» **Assignment**
Print nothing but the lines from the start of the listing below through the line that contains "可愛迷你蕾絲飾邊波浪領雙排扣上衣". Do not include the pictures.

» **Dataset content**
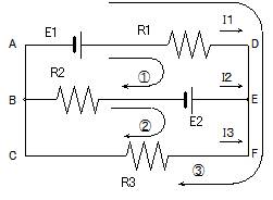 キルヒホッフの法則を左の図に適用するとE点については第一法則により
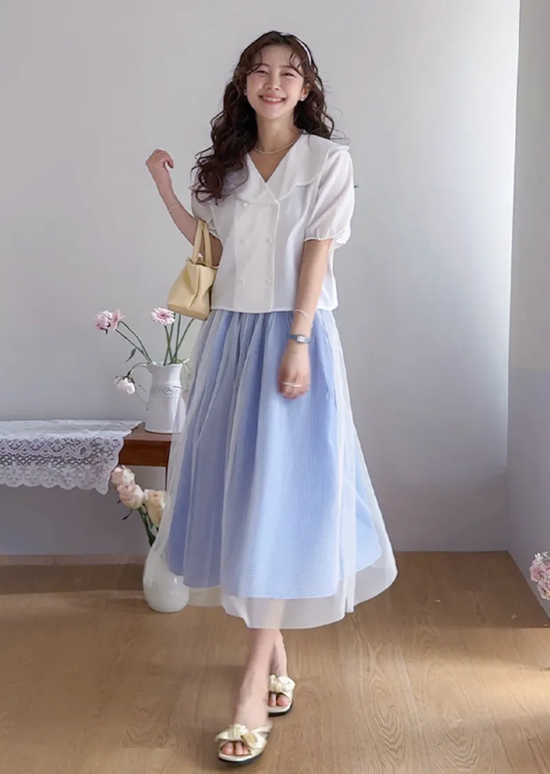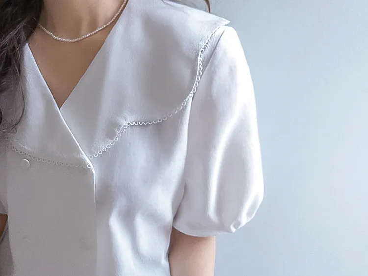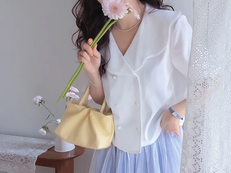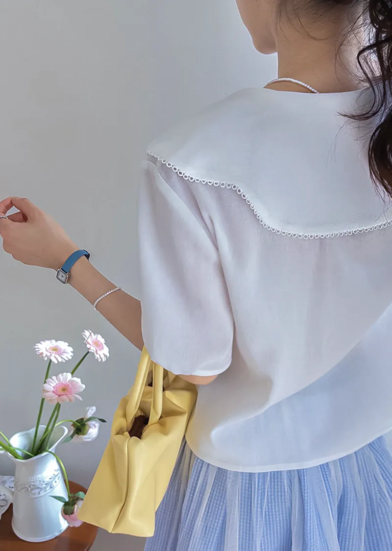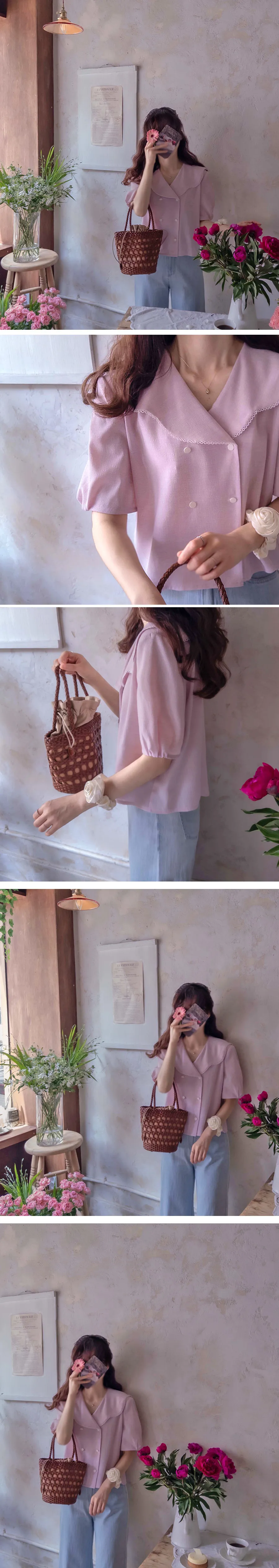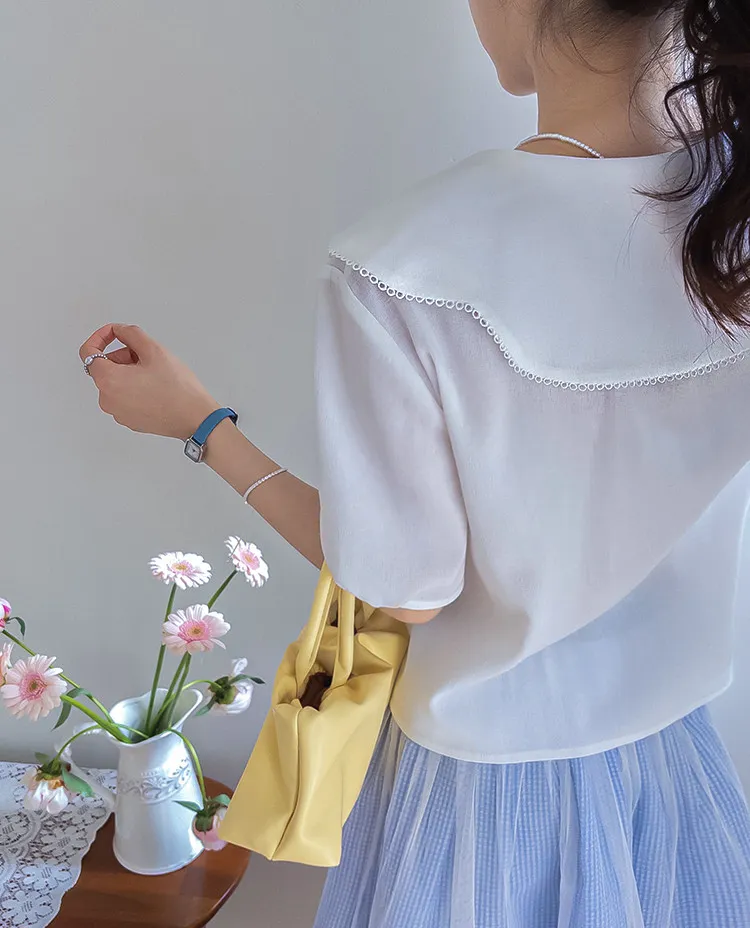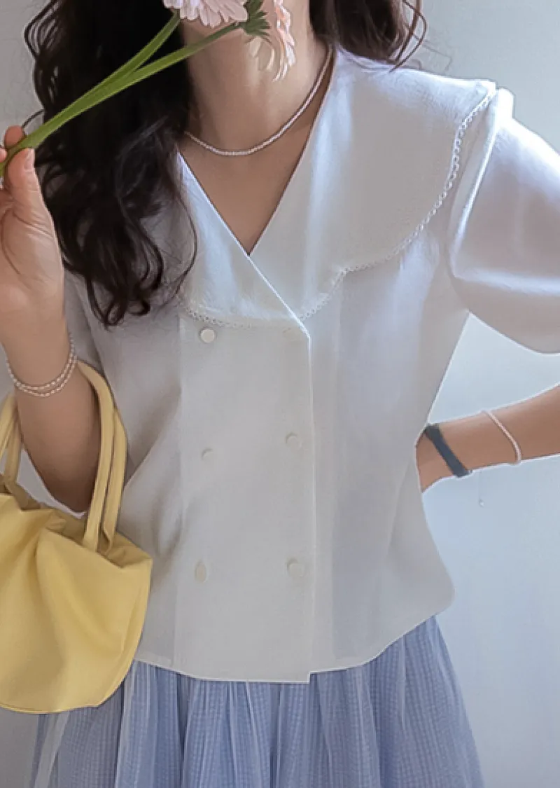 可愛迷你蕾絲飾邊波浪領雙排扣上衣
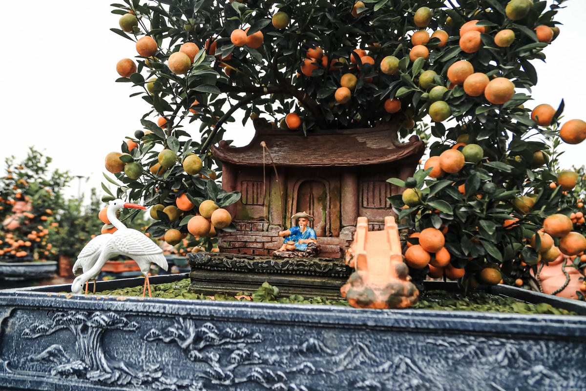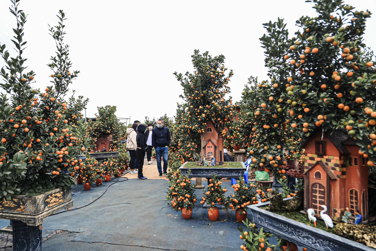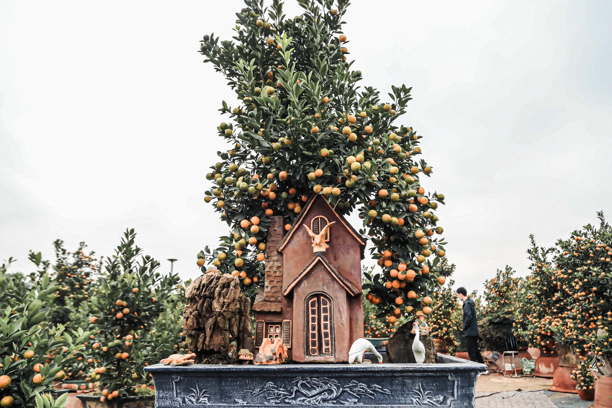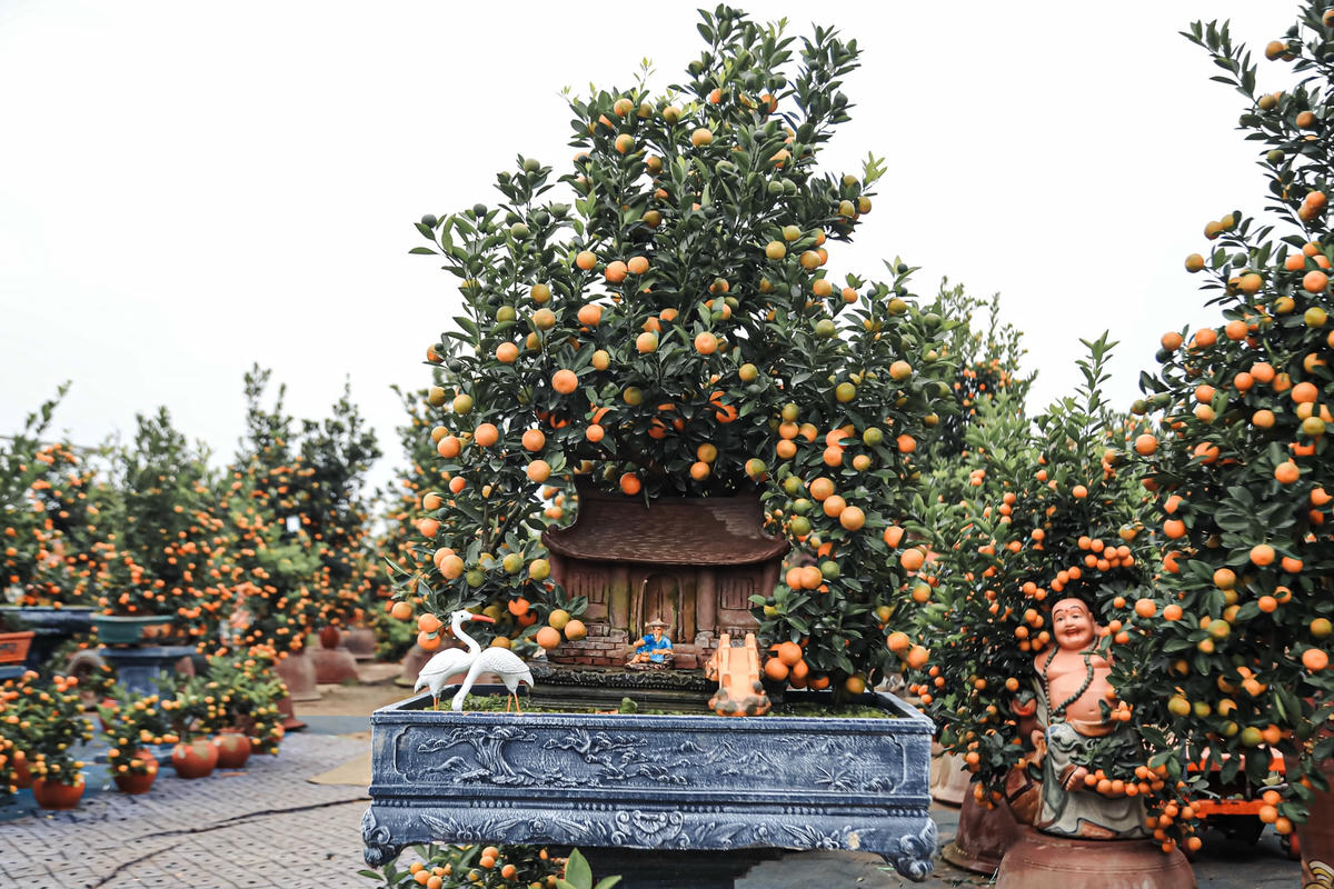 Lâu nay, nhắc đến quất cảnh là nhắc Làng quất cảnh Tứ Liên (phường Tứ Liên, quận Tây Hồ, Hà Nội). Theo đó, ngoài hoa đào, hoa mai, quất cảnh cũng được nhiều người lựa chọn để trang trí vào dịp Tết.Vài năm trở lại đây, nhiều chủ vườn đã sáng tạo các kiểu dáng khác nhau, theo chủ đề linh vật của từng năm. Do vậy, giá của mỗi cây quất thế, quất bonsai có giá trị cao hơn quất trồng theo kiểu truyền thống.Chị Linh chủ vườn quất Lực Hương chia sẻ, nhằm thu hút khách mua hàng, mấy năm nay nhà vườn chúng tôi đã chuyển sang trồng quất bonsai để bán vào dịp Tết. Tuy nhiên, việc trồng quất bonsai phải mất nhiều thời gian chăm sóc, tạo thế, dáng tỉ mỉ cho nên giá mỗi cây cũng cao hơn so với quất truyền thống.“Giá của chậu quất cảnh nhỏ được bán ngay tại vườn ở Tứ Liên ở thời điểm này giao động từ 3-5 triệu đồng; chậu to và "khủng" giá thành rơi khoảng 5- 20 triệu đồng”, chị Linh cho biết thêm.Mỗi chậu quất bonsai đều được nhà vườn bày trí đẹp mắt.Nắm bắt xu hướng của người tiêu dùng, bên cạnh dòng quất bình, quất bonsai các nhà vườn cũng đã ươm trồng thêm những dòng quất nghệ thuật được tạo dáng đẹp.Chị Lê Thị Thủy (Hoàng Mai, Hà Nội) người mua quất cho hay, thay vì mua quất ngoài chợ thì hầu hết năm nào tôi cũng bớt thời gian đi lựa chọn quất tại các vườn lớn để có giá thành hợp lý và nhiều lựa chọn hơn. Tiêu chí lựa chọn của tôi cũng khá đơn giản miễn cây có lộc, lá, quả xanh, quả chín…Hiện nay, các loại quất bonsai được khách hàng lựa chọn nhiều, tiếp đến là những cây được tạo dáng và đánh quất vào lọ, chum nhỏ. Xu hướng người tiêu dùng cũng thích những cây bonsai nhỏ nhắn mà trĩu quả, không chiếm dụng nhiều không gian nhưng vẫn tạo được không khí Tết ấm cúng.Hầu hết, các chậu quất bonsai đều được khắc họa những hình ảnh gần gũi gắn liền với làng quê Việt Nam. Bởi vậy, những chậu quất bonsai này có lượng tiêu thụ lớn hơn so với quất truyền thống.
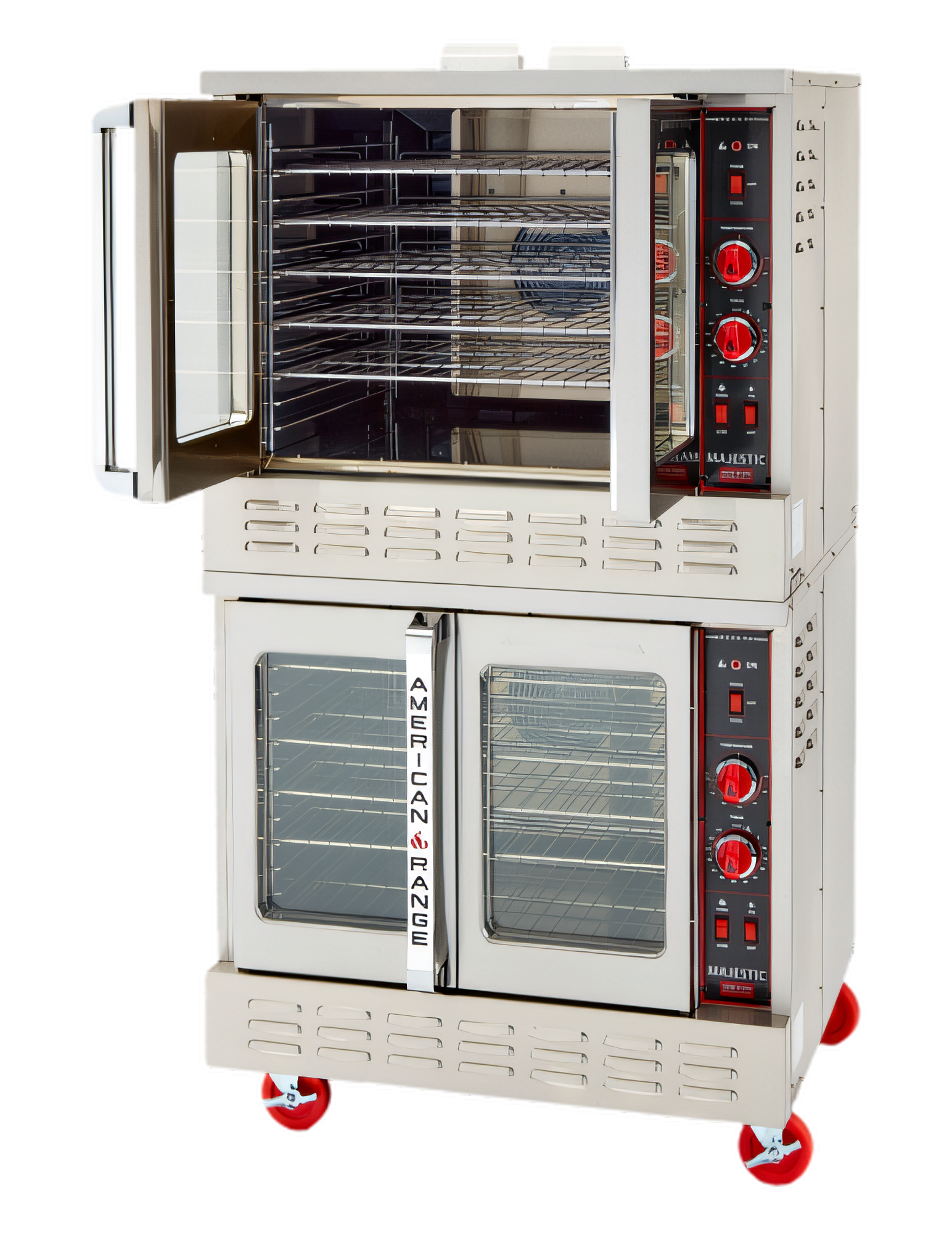 Built for high-volume kitchens that refuse to compromise on efficiency or bake quality, the American Range Majestic HE MSD-2HE delivers the power of two full-size convection ovens in a space-saving footprint. Precision thermostatic control, a rugged porcelainized interior and a hard-working ½ HP two-speed fan give you the consistency you need—batch after perfectly browned batch.

» **Solution**
 キルヒホッフの法則を左の図に適用するとE点については第一法則により
 可愛迷你蕾絲飾邊波浪領雙排扣上衣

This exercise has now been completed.